How to Speed Up Backtesting Results and Financial Simulations

Scaling out big data cluster jobs in financial services

When looking at how to handle big data in financial simulations, backtests, and risk modeling, it's important to fully understand how your compute and storage interact first. This video provides an overview of workflows for financial institutions, then looks at ways to speed financial analyses and backtesting results.

 

Before diving into storage capacity, let's look at the compute side of things. Financial simulations that use big data require a vast amount computing power, such as backtests, are what make managed grids so popular. As analysts generate jobs against the grid, the resource manager and scheduler work together to distribute those jobs across all of the resources in the grid. As you grow, your grid will reach capacity and you'll need to add more assets to your compute grid. While this may be simple to expand, it is not always economically efficient to build a massive infrastructure for compute capacity that is only needed part of the time. Check out this resource for more on how to flexibly expand resources for compute-intensive applications.
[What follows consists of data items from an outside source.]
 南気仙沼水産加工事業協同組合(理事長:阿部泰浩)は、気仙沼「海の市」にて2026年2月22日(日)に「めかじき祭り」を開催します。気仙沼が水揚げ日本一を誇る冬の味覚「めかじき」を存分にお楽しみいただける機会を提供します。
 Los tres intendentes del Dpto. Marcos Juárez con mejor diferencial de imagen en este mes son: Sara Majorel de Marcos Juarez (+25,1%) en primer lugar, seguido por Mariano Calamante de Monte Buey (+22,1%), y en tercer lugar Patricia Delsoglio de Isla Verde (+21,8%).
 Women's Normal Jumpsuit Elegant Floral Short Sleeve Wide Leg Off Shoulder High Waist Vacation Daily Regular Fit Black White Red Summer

How does storage performance hold up for financial applications?

On the storage side of things, there are other issues that start to creep up. Network attached storage (NAS), used by many financial organizations, has a finite amount of access points, meaning that the compute nodes can only access the NAS data a certain amount at a time. As the number of jobs expand, the compute servers try to access the NAS more often. When more jobs try to access the data than the access points permit, they get bottlenecked by the storage that holds the large amounts of financial analysis data.
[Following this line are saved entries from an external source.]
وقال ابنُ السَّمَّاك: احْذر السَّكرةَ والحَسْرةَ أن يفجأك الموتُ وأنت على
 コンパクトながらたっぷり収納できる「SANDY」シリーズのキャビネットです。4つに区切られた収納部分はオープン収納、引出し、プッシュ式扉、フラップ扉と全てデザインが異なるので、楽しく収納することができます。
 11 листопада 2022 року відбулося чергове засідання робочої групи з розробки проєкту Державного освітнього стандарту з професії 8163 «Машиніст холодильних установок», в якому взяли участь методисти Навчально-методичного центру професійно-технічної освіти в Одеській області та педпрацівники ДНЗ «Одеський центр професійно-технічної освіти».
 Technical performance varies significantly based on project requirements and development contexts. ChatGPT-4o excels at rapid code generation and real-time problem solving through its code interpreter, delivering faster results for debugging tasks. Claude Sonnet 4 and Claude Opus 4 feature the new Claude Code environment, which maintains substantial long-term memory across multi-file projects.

Adding more access point to the NAS can be costly and complex. Instead, consider adding a caching layer (like Avere's FXT Edge filers) to your financial analysis and backtesting workflows. This caching layer is placed as close to the compute grid as possible, where it caches the hottest data. It cuts down on the number of times that analyst jobs are trying to access the NAS. Instead, the analysts are accessing the data via the caching device. Since it doesn't have the same restrictions on access points as the NAS devices, it can handle many more jobs, eliminate the bottlenecks, and speed up time to results.

Connect our Remote Financial Analysts

Another concern for IT departments in the financial world is connecting with remote offices. One way to keep these employees connected to the data sets is replicating the information at every location. The second option is having each location connect to the main data center via a WAN. However, with this solution, you'll likely experience unacceptable latency.
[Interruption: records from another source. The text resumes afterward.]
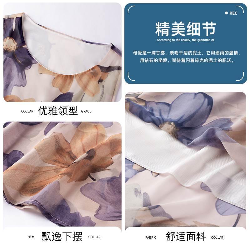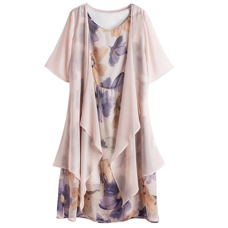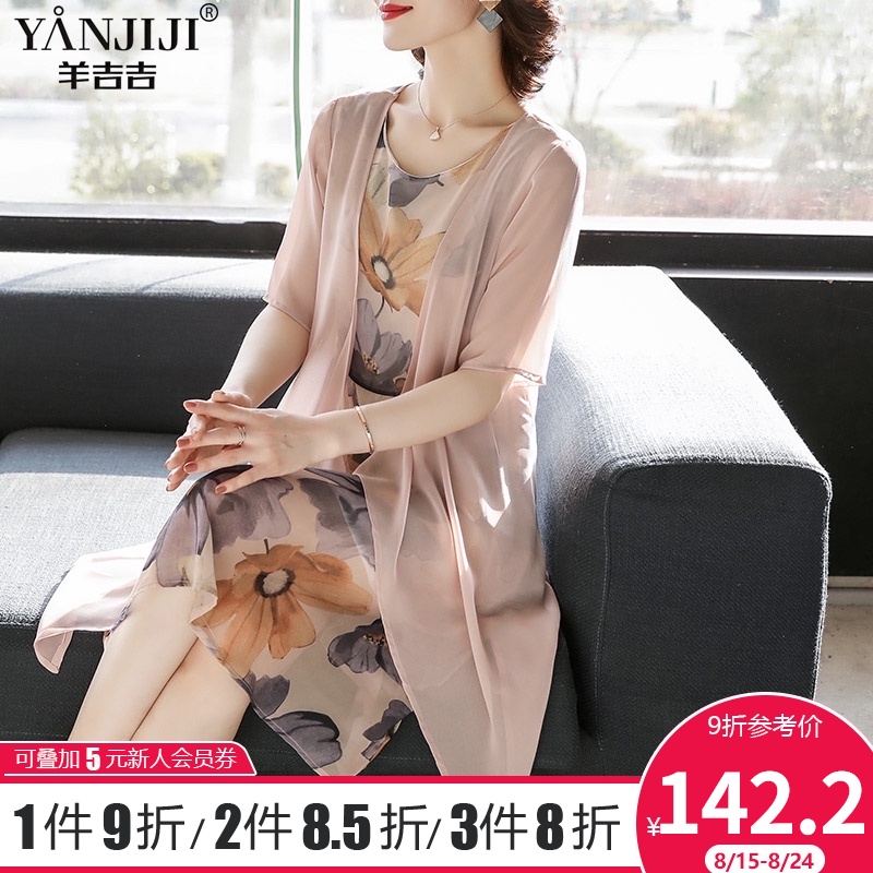 中年女夏装雪纺连衣裙过膝妈妈外搭开衫两件套阔太太印花裙子套装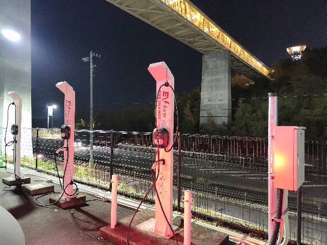 三洋堂の駐車場も兼ねている様子です。 深夜でしたが利用できました。 90kW出力は15分のブースト型です。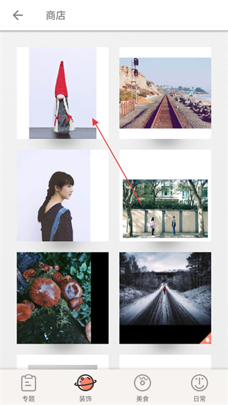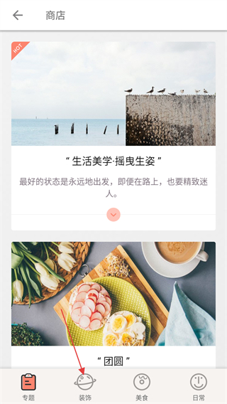2、在商店页面,点击底部的装饰分类,查看装饰相关的素材等内容。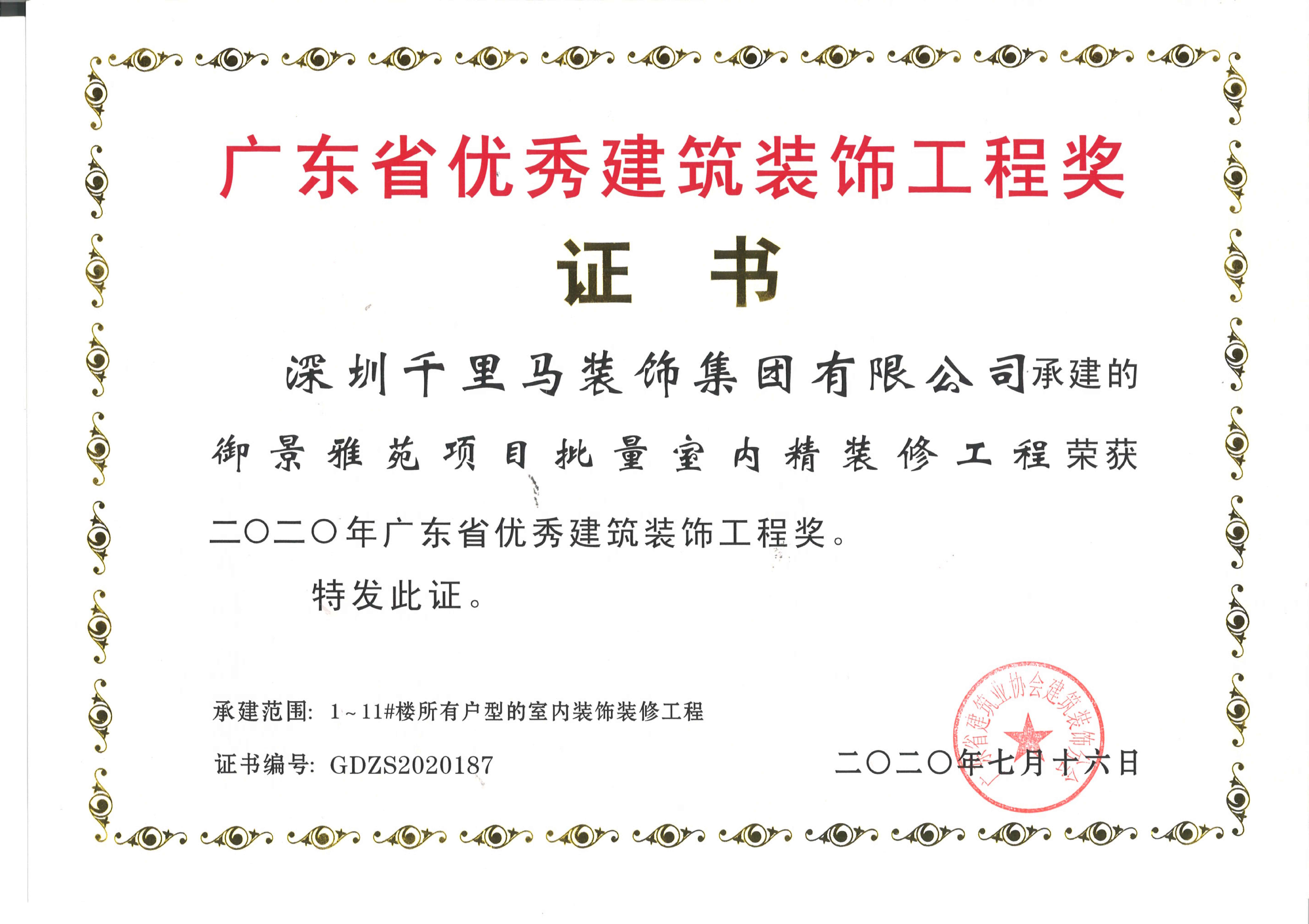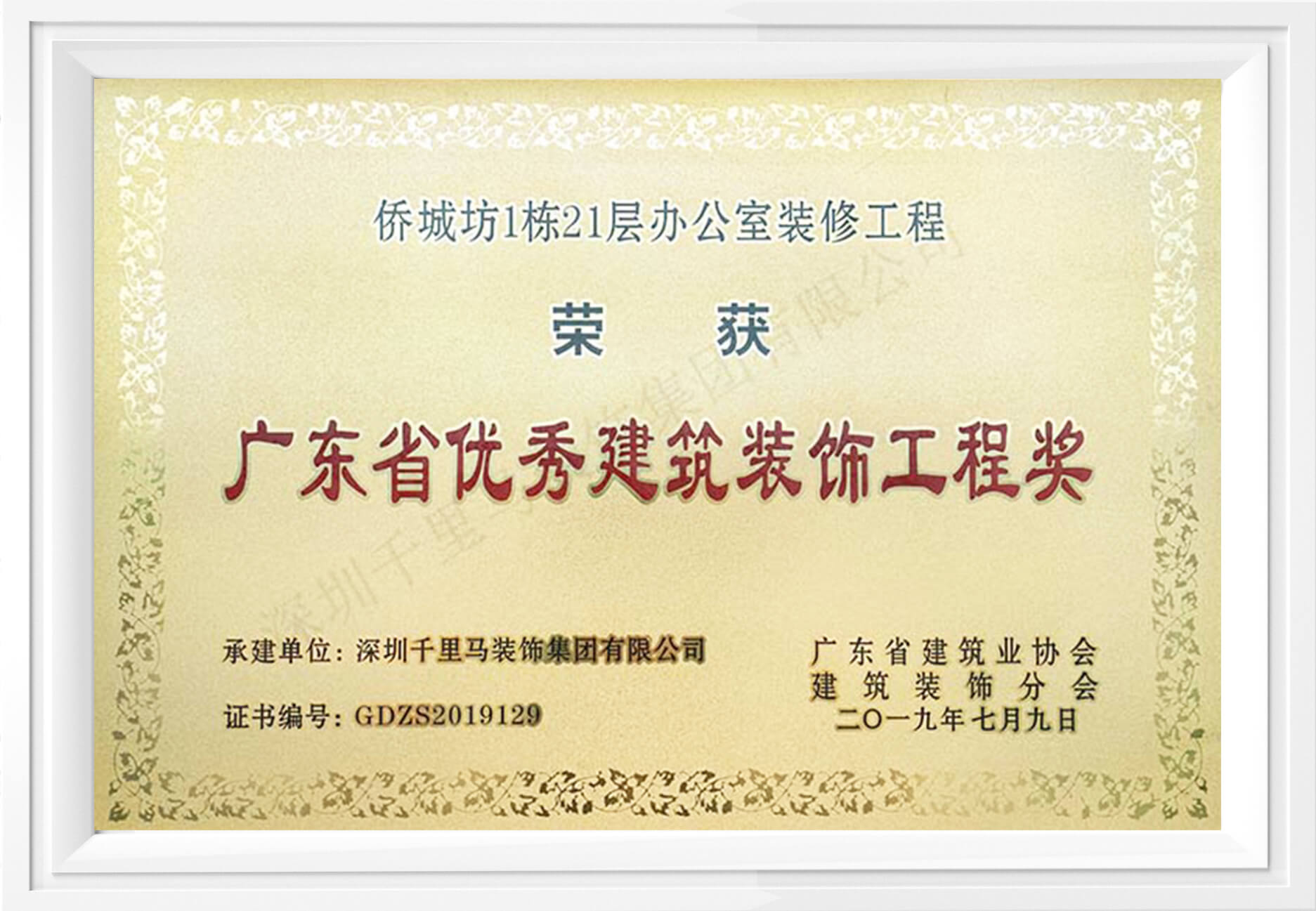 2019年廣東省優秀建筑裝飾工程獎

The same caching layer as described above can be used to keep the hottest data near the users at each remote site (a caching layer at each location), eliminating latency for most processes. These remote analysts access the hottest, most valuable (at that particular time) data from these nearby Edge filers, helping analysts in any location speed up the results of their models.

In summary, you can still achieve faster backtesting results using lots of financial simulation data without making huge investments with traditional storage vendors to boost performance.